/eulascript

Machine learning (ML) solution that review end-user license agreements (EULA) for terms and conditions that are unacceptable to the government

Primary LanguagePython

1 - Cloning the repository

git clone https://github.com/Tikquuss/eulascript

2 - Installing the dependencies

  • PyPDF2 and PyMuPDF: for reading pdf files
  • python-docx : for reading docx files
  • wget : for model downloading
  • pandas : to write the result in csv files
  • validators : to check the validity of the urls
  • ktrain : for loading models. It is a duplication of amaiya/ktrain modified to install tensorflow-cpu (instead of tensorflow-2.1.0-cp36-cp36m-manylinux2010_x86_64.whl) and tqdm>=4.29.1.
pip install -r eulascript/requirements.txt

3 - Try

  • model_folder : directory (or url of the directory) where the model is located (must contain the following three files: tf_model.preproc, config.json and tf_model.h5).
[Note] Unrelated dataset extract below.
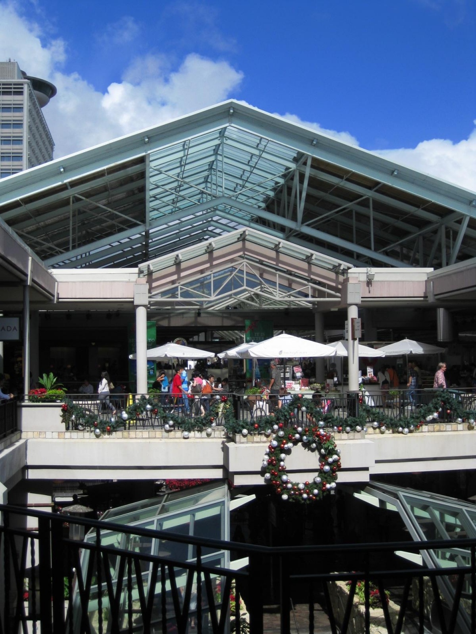 1950年代からカラカウアアベニューに存在するワイキキ最古のショッピングセンター。昔のハワイ、ワイキキをテーマにした写真集などを見ると必ずこのインターナショナルマーケットプレイスが写っています。ジャングルを思わせるような緑豊かなこのショッピングセンターで楽しそうに過ごしている1950~60年代初頭の観光客の姿を写真集で見るとハワイが簡単には手の届かない憧れのリゾートだったことがよくわかります。今も緑豊かで池には鯉が泳いでいて昔のイメージそのままという雰囲気ですが、中に入ると少々怪しげだったりB級っぽい感じがする店が多いような感じです。フードコートもありブルーウォーターシュリンプ&フィッシュマーケット、ヤミコリアンBBQもフードコート内にあります。ここで長い時間を過ごすことはありませんが、たとえば早朝ハワイに到着してホテルのチェックインが午後からというような場合の空き時間にここを訪れハワイ、ホノルルの歴史の1ページに触れる感覚で散策してみるのもいいかもしれません。

In the case of a url the three previous files are downloaded automatically. You can use the pre-trained models directly from huggingface, but this notebook illustrates how to fine-tune these models (bert, distilbert, albert, roberta, xlnet) on our dataset with the ktrain library.
  • output_dir : folder in which the csv file(s) containing the results (in the format: clause, label, probability) will be stored (the name of the created file starts with the name, without extension, of the original file containing the license, followed optionally by a number to avoid file collisions)
  • path_to_eula : comma-separated list of documents (txt, md, pdf and docx) containing the licenses to be analyzed
  • logistic_regression : this parameter can be provided at the expense of model_folder in order to use one of the pre-trained logistic regression models (must be obligatorily made from these three models: bag_of_word, tf_idf, bert or distilbert). This parameter is ignored if it is passed at the same time as model_folder. This notebook illustrates the process of obtaining the production.pth file.
model_folder=my/model_dir_or_url
output_dir=my/output_folder
path_to_eula=my/eula.txt,my/eula.md,my/eula.pdf,my/eula.docx

python eulascript/eula.py --model_folder $model_folder --path_to_eula $path_to_eula --output_dir $output_dir
logistic_regression=bag_of_word
output_dir=my/output_folder
path_to_eula=my/eula.txt,my/eula.md,my/eula.pdf,my/eula.docx

python eulascript/eula.py --logistic_regression $logistic_regression --path_to_eula $path_to_eula --output_dir $output_dir

Note:

  • the samples folder contains some user licenses and a notebook illustrating all.
  • The associated web application is available here.